Functionality available

Baruwa is capable of running in a cluster.

Full Baruwa functionality is available from any member within a Baruwa cluster and all cluster members have equal status. This allows you to provide round robin access either using a load balancer or DNS configuration. This makes the running of a cluster totally transparent to the end users.

Cluster wide as well as node status information is visible via Global status and Scanner node status

Requirements

Baruwa stores client session information in Memcached, so all the nodes in the cluster should be configured to use the same Memcached server.

All nodes should be configured to either use a clustered MQ broker or use the same MQ broker as the other nodes. The nodes should be aware of the other nodes queues to enable them to submit tasks to those queues.

All the nodes with in a cluster should be configured to write to a single database and index data to a single or distributed sphinx server.

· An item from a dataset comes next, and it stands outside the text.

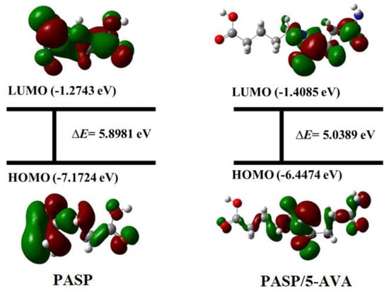 The geometrically optimized structures and molecular orbital density distribution of PASP and PASP/5–AVA according to quantum chemical calculation results.

The full requirements are:

  • Shared Memcached server
  • Shared PostgreSQL server
  • Shared MQ broker or clustered broker
  • Shared Sphinx server or distributed sphinx servers

The recommended setup is to have Memcached, PostgreSQL, RabbitMQ, Sphinx running on a separate server.

The firewall on the server hosting the above shared services needs to be configured to allow the following connections from the cluster nodes.

  • TCP 9312, 9306 - Sphinx
  • TCP 5432 - PostgreSQL or 6432 Pgbouncer
  • TCP 4369 - RabbitMQ EPMD
  • TCP 11211 - Memcached

Shared quarantine

Since version 2.0.1 Baruwa supports shared quarantines using shared storage subsystems like NFS, GlusterFS, OCFS, etc. With a shared quarantine, message operations are still possible regardless of non availability of the node that processed the message. To use a shared quarantine you need to:

  • Mount the quarantine directory to the shared file subsystem
  • Set the Baruwa configuration option ms.quarantine.shared to true
  • Ensure that Exim generates unique message ids by setting the localhost_number option
  • Ensure the celeryd and exim user ids are same for all nodes in the cluster

Limitations

Note

This limitation is not present when using a shared quarantine.

Quarantines are node specific, so messages quarantined on a failed node will not be accessible until the node is restored.